Find the line with "8月31日,凯发k8官网校长" in the records below, then please transcribe it and every later line exactly, omitting the pictures and adding nothing.

Top of Data records

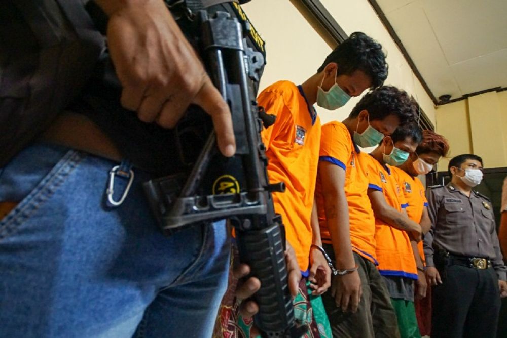 Kapolsek Wonokromo Kompol Cristopher Adikara Lebang bersama empat tersangka dan barang bukti saat gelar persrilis di Mapolsek Wonokromo, Surabaya, Jawa Timur, Selasa (23/6/2020). Niat Suprambodo (27), menikmati narkoba jenis sabu-sabu terpaksa gagal. Warga Jalan Bumiarjo itu ditangkap bersama tiga tersangka lain. Mereka Andrew Rahmat Prasetyo (27), dan Noval Rahmat (19), warga Jalan Jagir Sidomukti; serta Bambang Irawan (29), warga Jember. Mereka diamankan saat asik mengonsumsi narkoba jenis sabu-sabu di rumah jalan Ngagel Baru II, Rabu (11/6)malam. SP/Julian
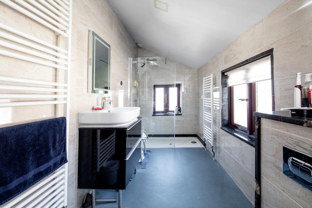 Gardens and grounds: The property is approached over a long drive giving access to a large enclosed gravel car parking area for a number of cars and horse boxes. A pedestrian path leads from the car park, between the lawns, to the front of the house. The gardens and grounds lie in front of the house and outbuildings and are laid principally to large expanses of lawns part bounded by stone walls. The lawns are interspersed by a variety of trees including Flowering Cherry, Maple, Apple, Pear and Walnut. In addition, there is an ornamental hollow wrought iron sphere adorned with a Wisteria. The front garden offers scope to create a small paddock, or enclosures. In the corner of the paddock there are two converted shipping containers which are currently used for the extra storage. In all the property extends to about 1.75 acres.
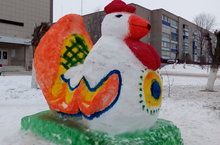 Любимому городу "Петушок" от "Рябинушки"... 21.12.2017 Сегодня творческая группа детского сада "Рябинушка" подарила любимому городу снежную скульптуру символа уходящего года "Петуха"...
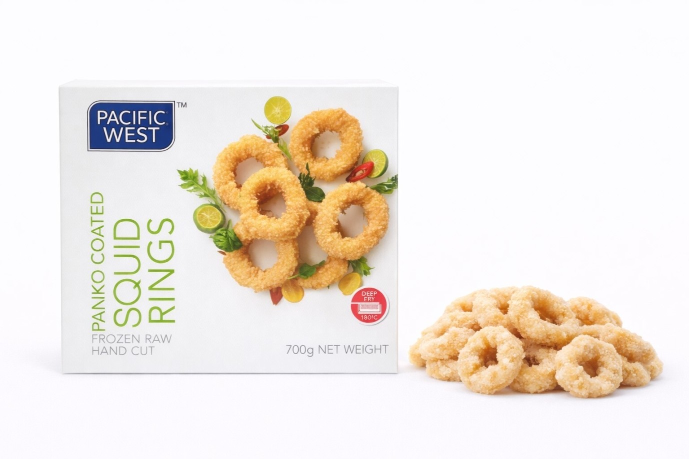 Squid (Molluscs) (70%), Breadcrumb (20%) [Wheat Flour, *Palm Oil, Sugar, Salt], Batter (20%) [Wheat Flour, Water, Thickeners (E1404, E1420), Sugar, Garlic, Raising Agents (E450, E500), Pepper, Soya Sauce Powder (Soya Bean, Salt, Wheat Flour, Water), Salt, Yeast Extract, Soy Flour] *RSPO Certified
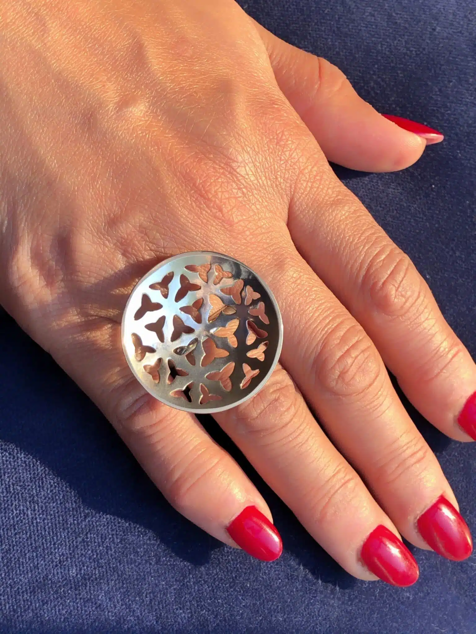 Saw Sterling silver hand pierced trillium ring.
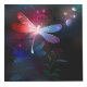 Flor, vuelo, libélula roja, con alas transparentes y detalladas sobre fondo oscuro, nocturno y luminoso con plantas tropicales y luciérnagas. Lluvia roja.
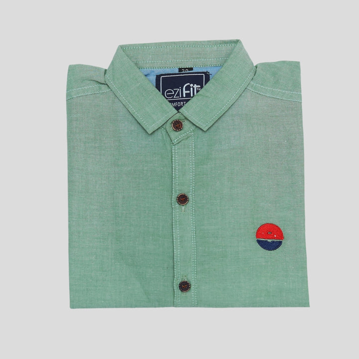 Green Cotton Summer Shirt – Plain, Soft, Breathable Comfort
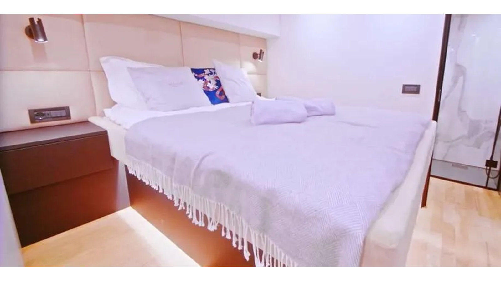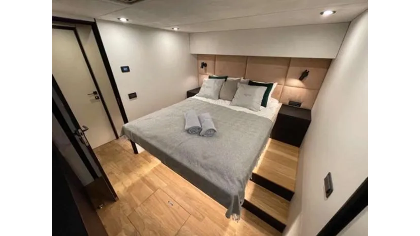 Elegance is ensured by the bulwark trim with exclusive teak wood. Thanks to this, the catamaran has a timeless character, and the new connector concept and the elongated line of the superstructure give it a unique level of comfort. This moon 60 is available in July 2023 and is layout for charter with 8 cabins and fully loaded.
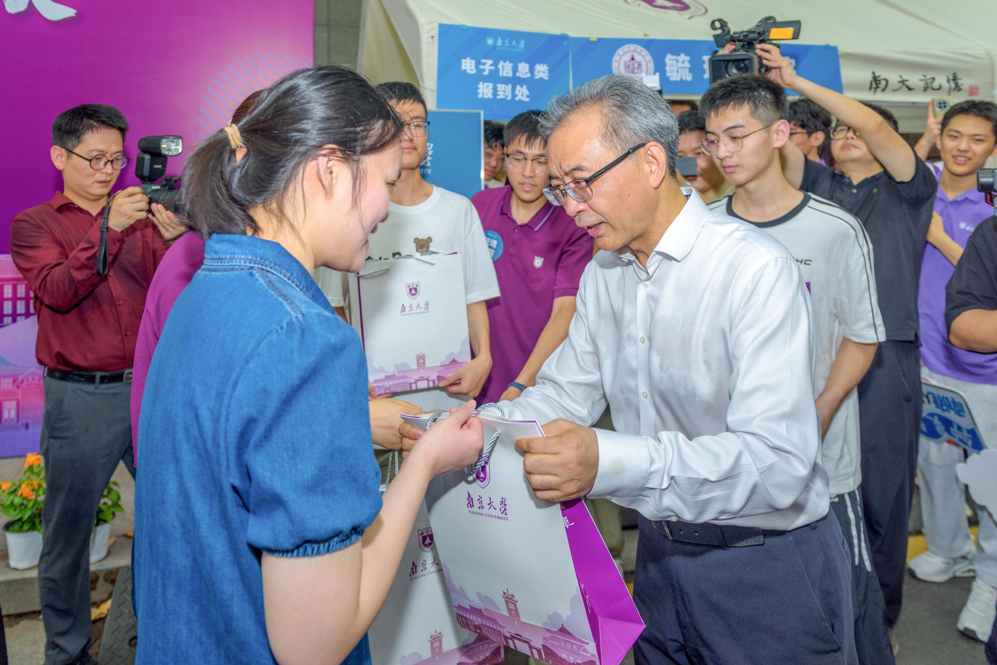 8月31日,凯发k8官网校长、中国科学院院士谈哲敏来到鼓楼校区迎新现场,了解学校迎新工作相关情况,亲切看望2025级本科新生,走访慰问在一线忙碌的师生员工与志愿者。
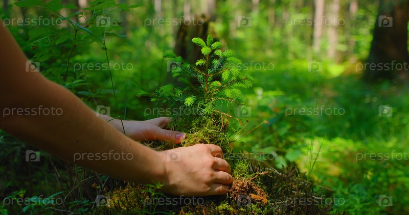 Женская рука держит росток сосны Уайльда в природе зеленом лесу. День Земли, концепция сохранения окружающей среды. Выращивание саженца лесника. Защита мира планеты
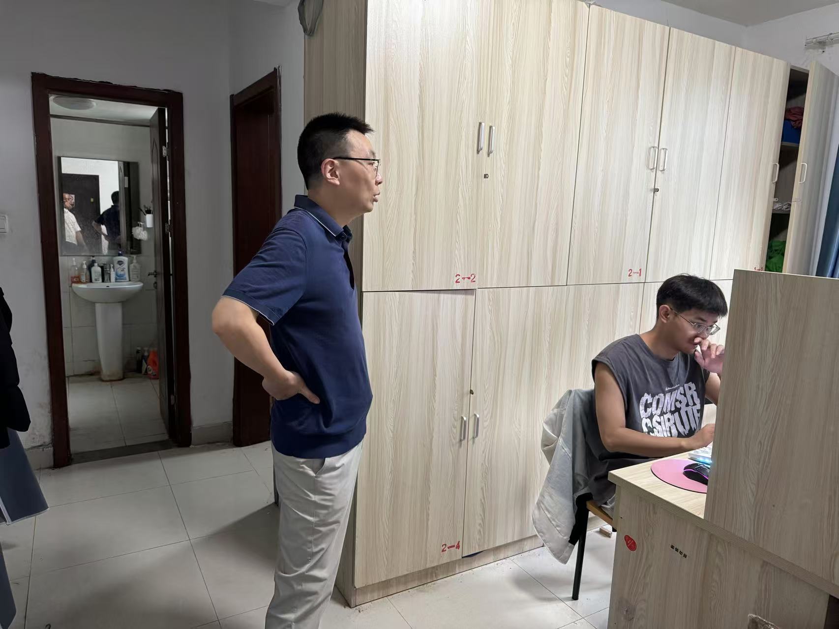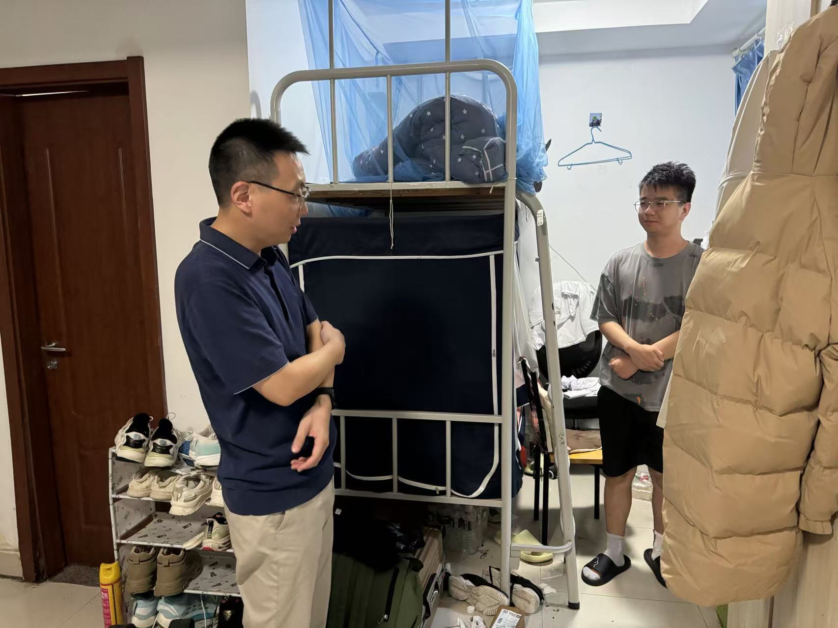 暑期炎炎,考研的征程却从未停歇。为深入了解暑期留校考研员工的学习生活状况,给他们送去关怀与鼓励,太阳成城集团tyc234cc古天乐副书记刘星与辅导员刘世豪于2024年7月18日一同前往员工宿舍,看望慰问暑期留校考研的同学。

Bottom of Data records

== Completed task ==
 8月31日,凯发k8官网校长、中国科学院院士谈哲敏来到鼓楼校区迎新现场,了解学校迎新工作相关情况,亲切看望2025级本科新生,走访慰问在一线忙碌的师生员工与志愿者。
 Женская рука держит росток сосны Уайльда в природе зеленом лесу. День Земли, концепция сохранения окружающей среды. Выращивание саженца лесника. Защита мира планеты
 暑期炎炎,考研的征程却从未停歇。为深入了解暑期留校考研员工的学习生活状况,给他们送去关怀与鼓励,太阳成城集团tyc234cc古天乐副书记刘星与辅导员刘世豪于2024年7月18日一同前往员工宿舍,看望慰问暑期留校考研的同学。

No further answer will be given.